The second question online is: “When is the Board date from Egypt? When will the IMF publish the staff report? What are the findings?”

There was an Article IV Mission to Egypt in November and a press release was published at the end of that visit. The Executive Board will take up the staff report for Egypt on January 28. The typical process is that it takes a while for the Board’s views on a specific country to be distilled, the discussion of the country, and it will potentially be published sometime after that date. But I do not have a specific publication date or guidance on when the Egypt staff report will be published. But, again, the Board will take up Egypt on January 28.

QUESTIONER: I’ve got a question on the Greek debt. I would like to know where does the IMF stand on the proposal for international restructure of the Greek debt? The Managing Director said recently that debt restructure always comes with consequences. Can you elaborate on this, please?

MR. MURRAY: I want to make it clear, we’re not commenting on anything about Greece ahead of the elections. But on this point, let me just touch some base here. The debt sustainability analysis is updated at each review. That’s standard IMF practice. So when we have our next review, debt sustainability will be updated. There’s a whole host of reasons why debt is sustainable and unsustainable.
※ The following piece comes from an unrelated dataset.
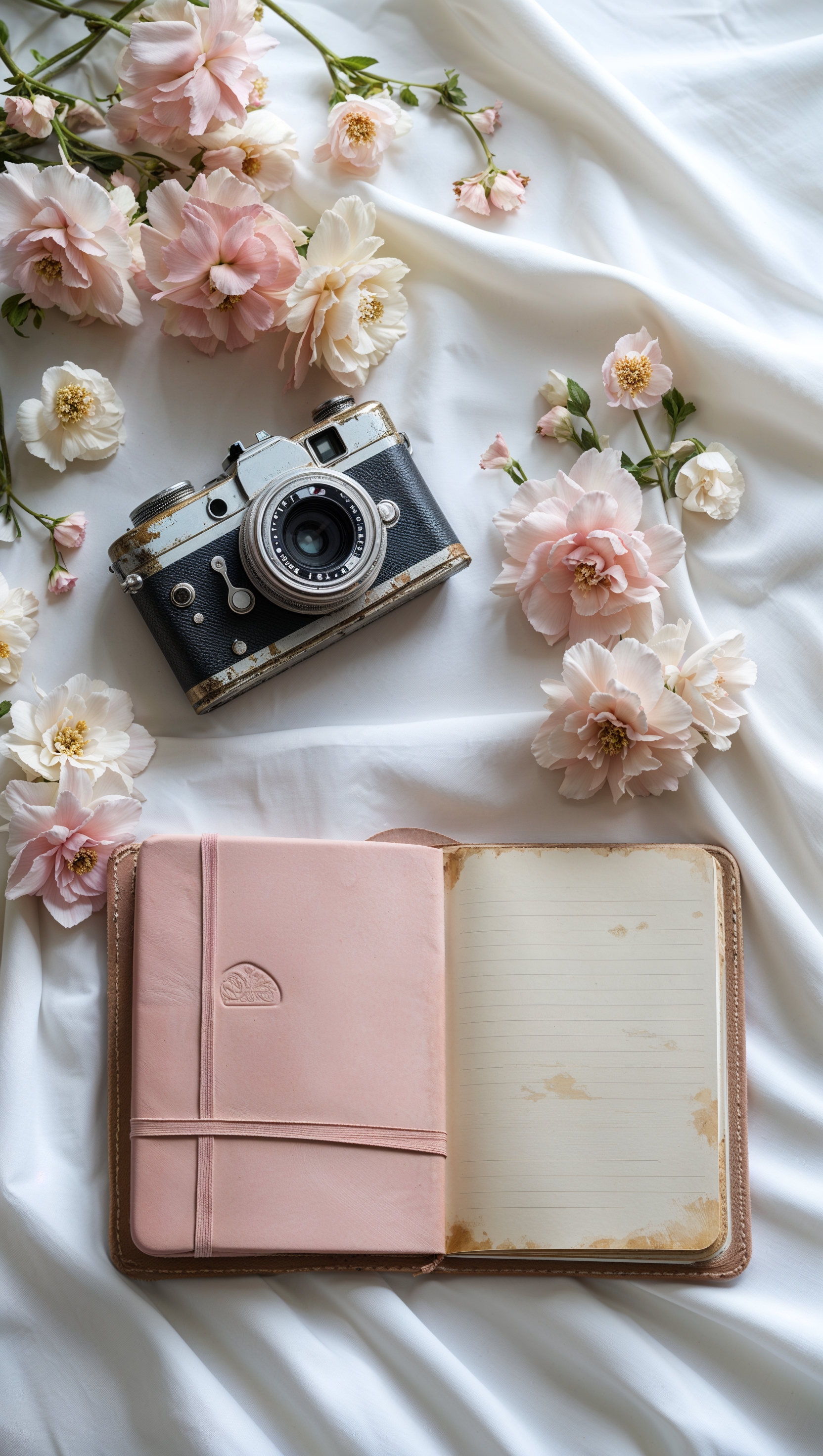 1664x2944 Flat lay of vintage camera, flowers, and pink notebook on white sheet

That will be explored in the context of our review of Greece.

As far as I understand, the point our Managing Director was making is that debt restructuring is a very serious matter and revisiting or changing the terms of an agreement has fundamental consequences that need to be very carefully considered. But beyond that, I don’t think there were any other conclusions you can draw.
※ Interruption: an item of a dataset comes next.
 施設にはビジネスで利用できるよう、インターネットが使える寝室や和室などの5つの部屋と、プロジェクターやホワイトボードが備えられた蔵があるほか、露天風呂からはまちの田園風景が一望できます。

MR. MURRAY: I’ve got a question here online. asking for a clarification. “To be clear, you’re saying that the IMF has no opinion on whether Ukraine needs a debt restructure or not, a key dynamic that’s foundational to the future of Ukraine’s finances.”

I’m happy to clarify as much as possible. The mission is in Kiev and they will discuss this with the authorities among other things, full stop.

QUESTIONER: The Nigerians are having some currency issues at the moment. So the central bank governor is saying that it’s inappropriately priced currency with the U.S. dollar, but they’re holding a narrow trading ban. Do you think it is appropriately priced? Do you think their approach is appropriate? And are you worried about inflation in Nigeria? A lot of these countries are now facing similar issues. The Nigerians definitely this week have been facing this issue. Any comment?

MR. MURRAY: Well, I don’t have anything too specific, but let me take a look at our notes here. We don’t really comment on day-to-day movements on exchange rates, so let me just focus on the broader issues. Nigeria, like most oil-producing countries, is facing economic impacts. Oil exports and associated fiscal revenues will decline, but Nigeria has a relatively diverse economy. The oil sector accounts for only 13 percent of GDP, so growth is expected to slow only moderately. The authorities have already taken measures to respond to the oil price decline, including some exchange rate adjustment, tightening the monetary stance, and adjusting the draft budget for 2015 in line with a lower oil price. That’s basically as specific as I can get on your question.

Last question.

QUESTIONER: Madame Lagarde met with the President of Cyprus in Davos. Can you give us a readout of this meeting, if possible?

MR. MURRAY: I will have to get back to you on this.

QUESTIONER: And I have a comment. We are not asking your opinion about the Greek elections. We just want to know the process after the elections.

MR. MURRAY: That’s a legitimate point to make and I understand you want to know process. But there’s no rulebook in terms of how you engage with a new government or an existing government. You just engage and it takes many, many forms. Like I said, we intend to be fully engaged with whatever government comes out of the election on Sunday. That’s what we fully intend to do.

Thank you very much. Again, Happy New Year! Look forward to seeing you again on February 5.